JMO, but I wouldn't spend $150 on the items you mentioned. As Ralph said, there are lots of sites that review tools but, I haven't found a good, comprehensive one yet. Just like Consumer Reports, the sites have their biases.


----------



## mpbc48 (Sep 17, 2010)

dbrod1,

If I had it do do over, I'd buy the best router I could afford and build my own table. The need for a lift is really questionable, many of the better routers have above table bit changing and height adjustment.

It's nice to have a router table to use when building a router table. ":^) 
So, if you would be able to use your local guy's setup, it would be helpful, but not necessary. 

If you do a search here or the web for "build a router table" you can get information on anything from very basic to extravagant.

Mike


----------



## dbrode1 (Apr 22, 2011)

Thanks to all for the tips. I'm glad I didn't get the Wolfcraft table and B&D router. I have an old Craftsman router that's about 30 years old, and haven't used it in a dog's age.


----------



## Mike (Nov 22, 2004)

Doug, everyone has their own preference for the "feel" of their tools. While most tools share common features the controls do not always function the same way. An example of this is the plunge locking lever; on some models you push to lock, others you pull. Another example is the plunge router spring tension. On the Hitachi combo kits the tension is much lower than on a Bosch combo kit. There is no "better" choice between these... use which ever feels best to you. None of the tool reviews I have seen note these subtle differences. Your best course of action is to review the many postings on the forums and decide which features are most important to you. Once you know the features you want go and hold the tools in your hands. Try the depth adjustments, both upright and upside down. (like the router will be when table mounted) This is the only sure fire method to finding a router or other tool you will be happy with.

To keep things simple I suggest your best option is to go with a combo kit router set, an Oak Park "Router Workshop" table and mounting plates, the larger Oak Park style guide bushings which allow for more possibilities and a set of solid carbide spiral bits in 1/4", 3/8" and 1/2" sizes. The Oak Park box joint jig set is a great way to make decorative strong joints; use box joints instead of dovetail joints since the learning curve is much easier. You will find many postings on the common sense reasons for these choices. While all router brands will perform decently I prefer the Bosch 1617 over all others.


----------



## MrG (Aug 15, 2010)

dbrode1 said:


> I'm just getting into the hobby and would like to buy a router - router table - router lifter... but don't know where to start.
> 
> A local guy has a Wolfcraft router table, B&D router, and some bits for $150 on Kijiji. I'm wondering.
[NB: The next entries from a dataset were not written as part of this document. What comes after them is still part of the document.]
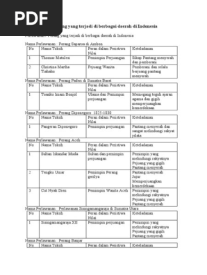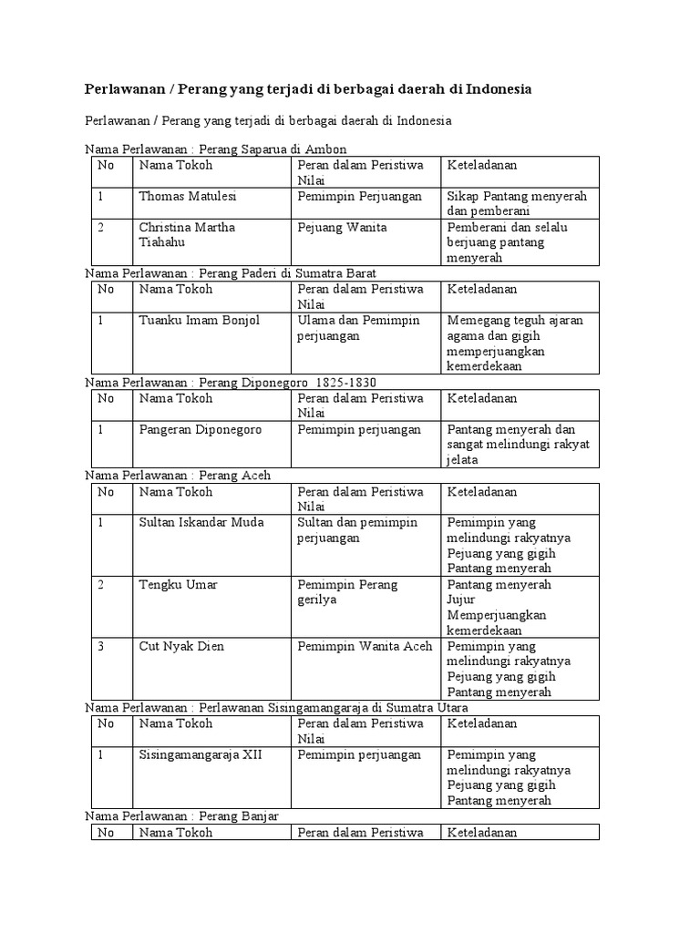 Perlawanan / perang yang terjadi di berbagai daerah di indonesia. Berikut ini adalah beberapa tokoh dalam peristiwa perlawanan terhadap penjajah: Ayahnya antoni mattulessy adalah anak kasimiliali. Perang diponegoro yang juga dikenal dengan sebutan perang jawa (inggris:the java war, belanda: Menurut buku biografi pattimura versi pemerintah yang pertama kali terbit, m.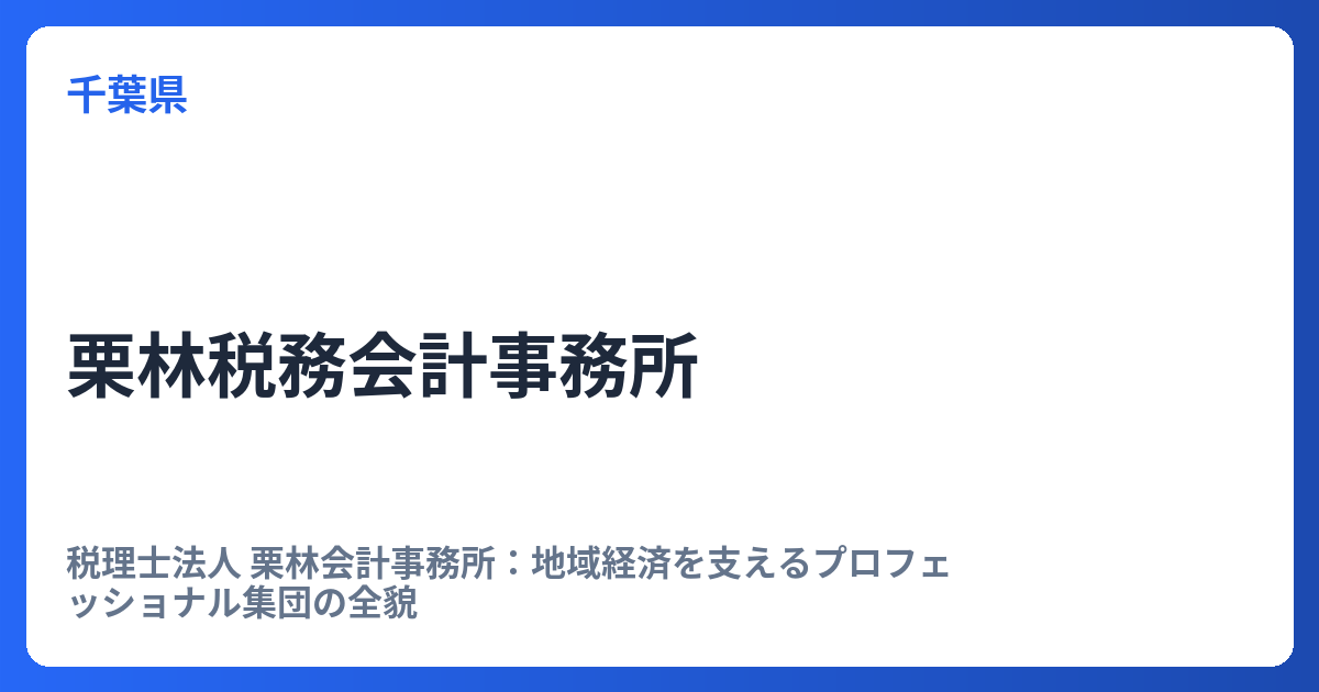 税理士法人 栗林会計事務所:地域経済を支えるプロフェッショナル集団の全貌 税理士法人 栗林会計事務所は、群馬県太田市に拠点を置く、地域社会の永続的な繁栄に貢献することを理念とする会計事務所です。特に、全国最大級の職業会計人集団であるTKC全国... -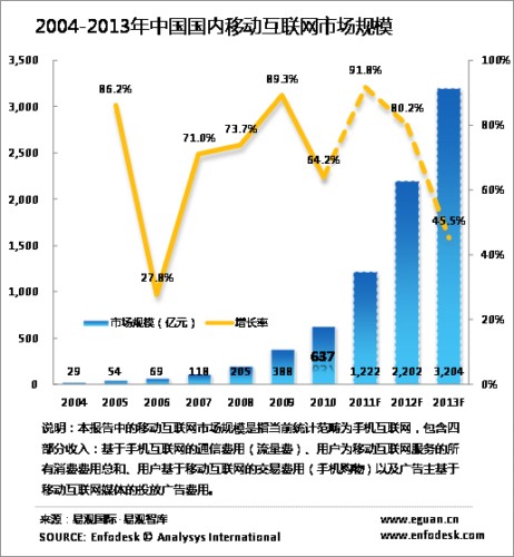 2010年中國國內移動互聯網市場規(guī)模達到637億元,較2009年上漲64.2%,增速放緩。除去流量費之外,移動互聯網服務收入達到342億元。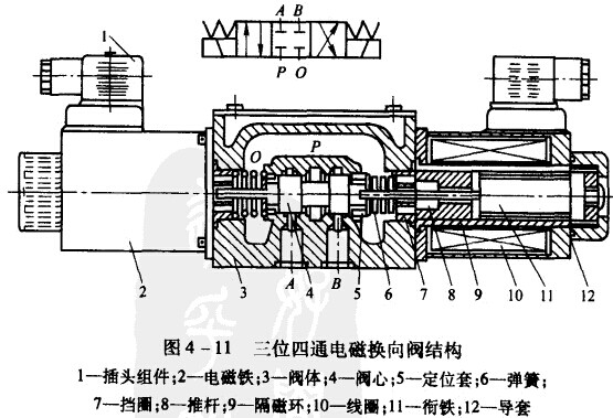 圖4-12所示為二位四通電磁閥的符號(hào),圖4-12(8)為單電磁鐵彈簧復(fù)位式.圖4-12(b)為雙電磁鐵銅球定位式。二位電磁閥.一般都是單電磁鐵控制的,但無復(fù)位彈簧雙電磁鐵二位閥,由于電磁鐵斷電后仍能保留通電時(shí)的狀態(tài),從而減少了電磁鐵的通電時(shí)閥,延長了電磁鐵的壽命,節(jié)約了能源;此外,當(dāng)電磁鐵因故中斷時(shí),電磁閥的工作狀態(tài)仍能保留下來,可以避免系統(tǒng)失靈或出現(xiàn)事故。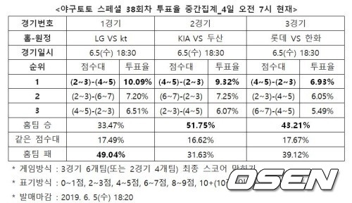 체육진흥투표권 스포츠토토의 수탁사업자인 ㈜케이토토는 5일(수)에 열리는 2019시즌 한국프로야구(KBO)프로야구 3경기를 대상으로 한 야구토토 스페셜 38회차 투표율을 중간 집계한 결과, 참가자의 51.75%가 KIA-두산(2경기)전에서 안방경기를 치르는 KIA의 우세를 전망했다고 밝혔다.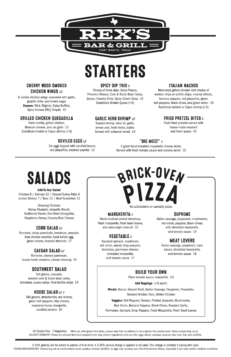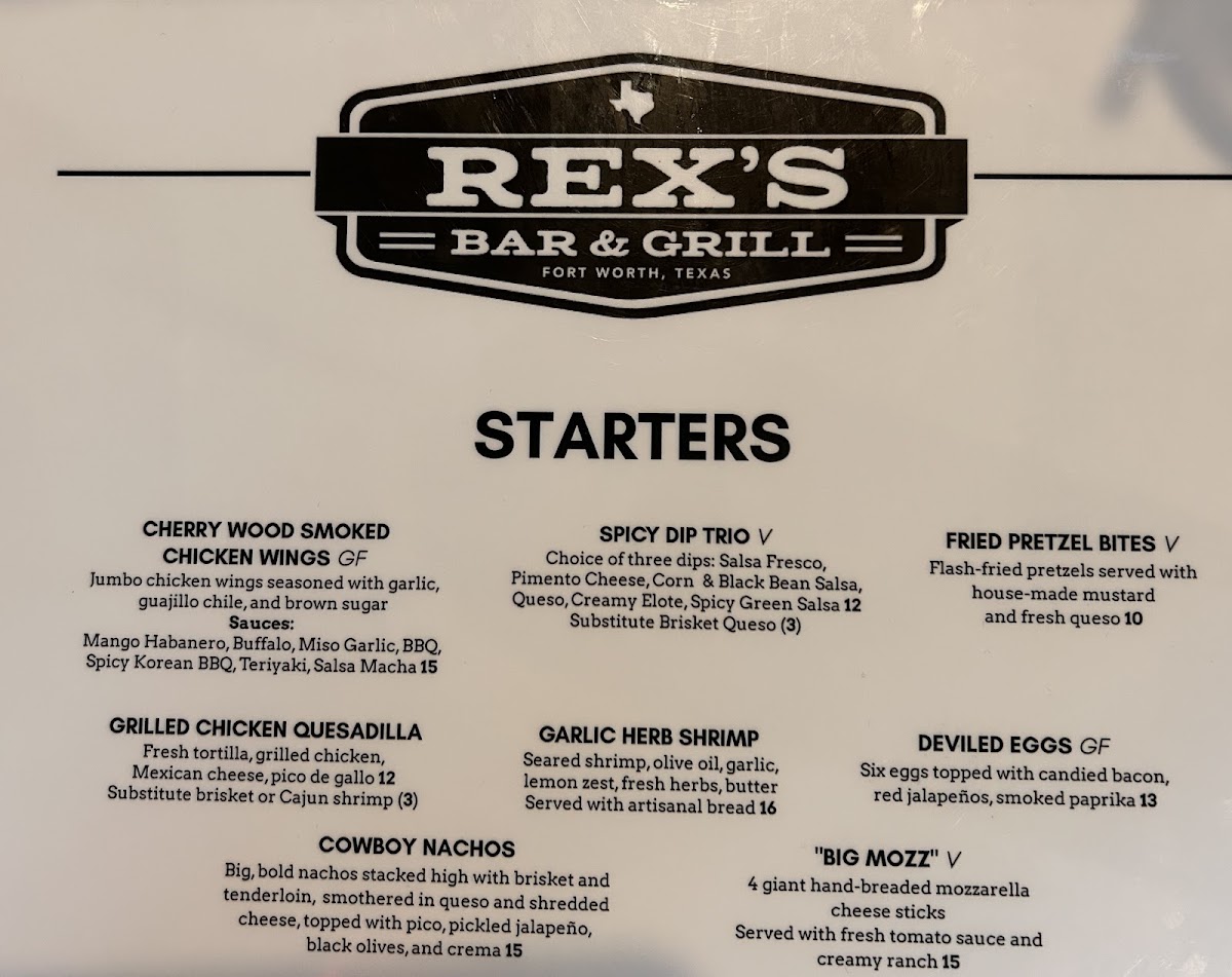 Rex's Bar & Grill offers a diverse and delicious menu that caters to a wide range of tastes and preferences. Starting with Starters, guests can indulge in favorites like Cherry Wood Smoked Chicken Wings and Fried Pretzel Bites, both perfect for sharing or kicking off a meal. If you're in the mood for something savory, the Cowboy Nachos or Garlic Herb Shrimp might be just what you need. The Deviled Eggs offer a classic touch, while the Garlic Herb Shrimp brings a burst of flavor to begin your dining experience.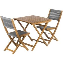 Le set bistro 2 places BARI, dans un chic coloris gris, ajoute une touche moderne a votre espace extérieur. Sa structure en bois d'acacia FSC et son revetement en corde grise allient élégance et durabilité. Avec des dimensions compactes pour les chaises (43 x 59 x 86 cm) et la table (70 x 70 x 73 cm

For the price it's not bad for starting out, depending on how much the setup has been used. For example buying inexpensive, just did a quick search at a big box store, small tabletop router table $150, basic bit set $30, inexpensive skill fix base $70 = total of $200.

To start off its OK. I went this route to start. After I took a saturday afternoon course at woodcraft on routers I said time to upgrade. I found routers all feel different we all like different things. I researched the router combo kit my wife bought me for about 3 months, It is everything and more. Going from a inexpensive router to a respected router what a difference.

Just do a search for router reviews, look at all the wood working forums and read user reviews. If a friend has a router ask them to show it to you and try it out.


----------



## BigJimAK (Mar 13, 2009)

Doug,

If you're looking for a "buy this one" web site, there are many magazines that offer reviews but all whose advertising revenue supports the magazine are in a difficult place if they harshly rate one company's tools over anothers.

The best solution, IMO, is to spend some time on this site reading reviews and opinions from a number of people who own the tools, listening to brags and complaints, and coming to your own conclusion.

As others have said there's lots of tradeoffs, not the least being price, between different brands.


----------



## Phil P (Jul 25, 2010)

> Is there a 'Consumer Reports' type of Web site for power tools?


I wish! Seriously, though, as Mike and others say reviews tend not to concentrate on the "feel" of tools all that much. Personally I dislike Milwaukee cordless 18 volt Li-Ion drills. Tried 'em, couldn't live with 'em. Same goes for Bosch, deWalt and Hitachi. Liked Panasonic best of all, but was underwhelmed by their service (in the UK) and range of tools. ended up with the best compromise _for me_, Makita. The same goes for routers; my personal choices aren't everyone's - but equally some of the routers I have were roundly panned by the _paid_ woodworking press - and there's the rub. Take what any publication's reviews say with a pinch of salt and always try to use a tool hands-on before parting with your hard earned cash. After all, those guys at the mags get _paid_ by the tool manufacturers.....

Regards

Phil


----------